Archer left Black Mountain College in 1953, as its longstanding financial problems began to overwhelm it, and married Charles Archer, who was a student there. They continued to live for several years in the town of Black Mountain, where she opened a studio and took mostly family portraits. In 1956, the year the college closed, she and her husband moved to Tucson, Arizona, where she operated a free-lance photography studio. In 1963, she became director of adult education of the Tucson Art Center, an organization that would become the Tucson Museum of Art. She lived in Tucson until 1975, when she moved to Santa Fe, New Mexico. Though her work had been shown at the Museum of Modern Art and the Photo League in New York, she stopped exhibiting after 1957; she focused for the rest of her life on her work as an educator.

==Death and legacy==

Archer died in Tucson, Arizona, aged 80, on May 18, 2001. Her photographs are managed by the Hazel Larsen Archer Estate and Black Mountain College Museum + Arts Center.

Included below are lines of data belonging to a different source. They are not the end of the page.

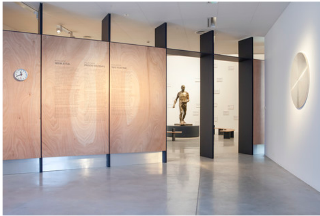
Zaalzicht 'Neem je Tijd', M Leuven, foto: © Miles Fischler voor M Leuven
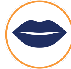
labios o cara azulados
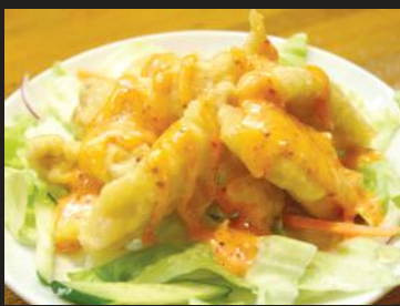
30.鶏の唐揚げ (ピリマヨ)
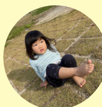
芝生にゴロンも気持ちがいいよ
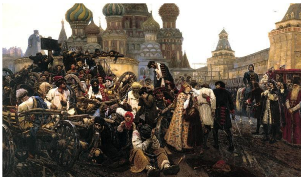
Рис. 3. Захват МОСКВЫ лжецарем Петром
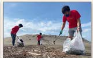
▲新潟 西区海岸清掃活動
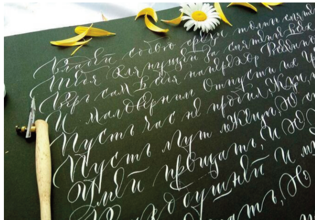
Почерк – это проявление индивидуальности

Нейробиологи подтверждают: когда мы выводим буквы вручную, активируются сразу несколько зон головного мозга – от моторных центров до участков, отвечающих за внима-

In 2023 the Center For Creative Photography held a major exhibition of Hazel's Archer's work in conjunction with the first major retrospective of the work of her student Linda McCartney.

==Sources==
- Vaughan, David (2006). "Hazel Larsen Archer: Black Mountain College Photographer"
- The Associated Press (2001). "Santa Fe artist, teacher dies at 80"
- Cunningham, Merce (2005). "Motion Studies: Hazel Larsen Archer at Black Mountain College"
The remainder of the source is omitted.